The Utah Jazz forward stepped on the scales Friday morning and got excited when he saw a much bigger number than the previous time he’d hopped on to check his weight.
“I came in this morning and picked up six pounds,” he said, grinning before Friday’s first two-a-day session. “So I’m feeling good, especially during training camp.”
If his beard keeps growing, Evans might even hit the 200-pound mark. The 6-foot-9 player’s current weight: 199.
Here’s another thing that should help the Jazz’s second-longest-tenured player — he was picked a round after Gordon Hayward in 2010 — he feels good during camp.
His coach flashed a big smile when asked about the 25-year-old this week.
“The thing that I’m really excited about this year with him is getting him time on the floor — as a big guy, a small guy, whatever,” Jazz coach Tyrone Corbin said. “He’ll make plays.”
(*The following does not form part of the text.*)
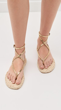 - Upper: Goatskin - Metallic snakeskin print - Braided jute footbed - Thong strap - Lining: Leather - Wraparound ankle strap - Open toe - Leather sole - Made in Italy - This item cannot be gift-boxed Style #PTEXA30200

Or at least have a chance to do so on a consistent basis.
That certainly hasn’t been the case in his first three NBA seasons. Though he’s made a name for himself with his athletic ability, the 2012 NBA slam dunk champion has not been able to crack the regular rotation since being drafted 55th overall out of Western Kentucky four Junes ago.
In fact, Evans’ playing time average has slipped steadily in each of his first three seasons — from 9.4 minutes per game as a rookie, to 7.5 mpg in 2011-12 and only 5.8 mpg in 37 appearances last year.
Evans knows that a golden opportunity lies ahead of him this season, and the springy 6-9 forward is doing all he can to earn big-man minutes behind Derrick Favors and Enes Kanter.
“He’s so lean and slight in build,” Corbin said. “But, man, he competes.”
Evans has also been fine-tuning his mid-range game and is feeling confident enough to take those shots when they’re available (something coaches have had to convince him to do).
And he’s trying to absorb as much as he possibly can from part-time big man coach Karl Malone. He said it's been "tough" working with The Mailman, but the Hall of Famer is helping him better use his quickness to exploit bulkier bigs.
It's all making Evans feel ready to make his mark.
“For me personally, (I feel) a lot more comfortable, just shooting the ball, doing more on offense,” Evans said. “I love playing defense. Of course, I’m going to block shots, go for steals and help my teammates out.”
The Jazz will have a lot of competition for small-forward minutes between Hayward, Marvin Williams and Richard Jefferson, so it’s likely his time will come off the bench to spell Favors and Kanter while giving the Jazz frontcourt a different look. He's mostly worked with the big men during camp.
Wherever and whenever he plays, Evans said you can expect his usual high-octane output.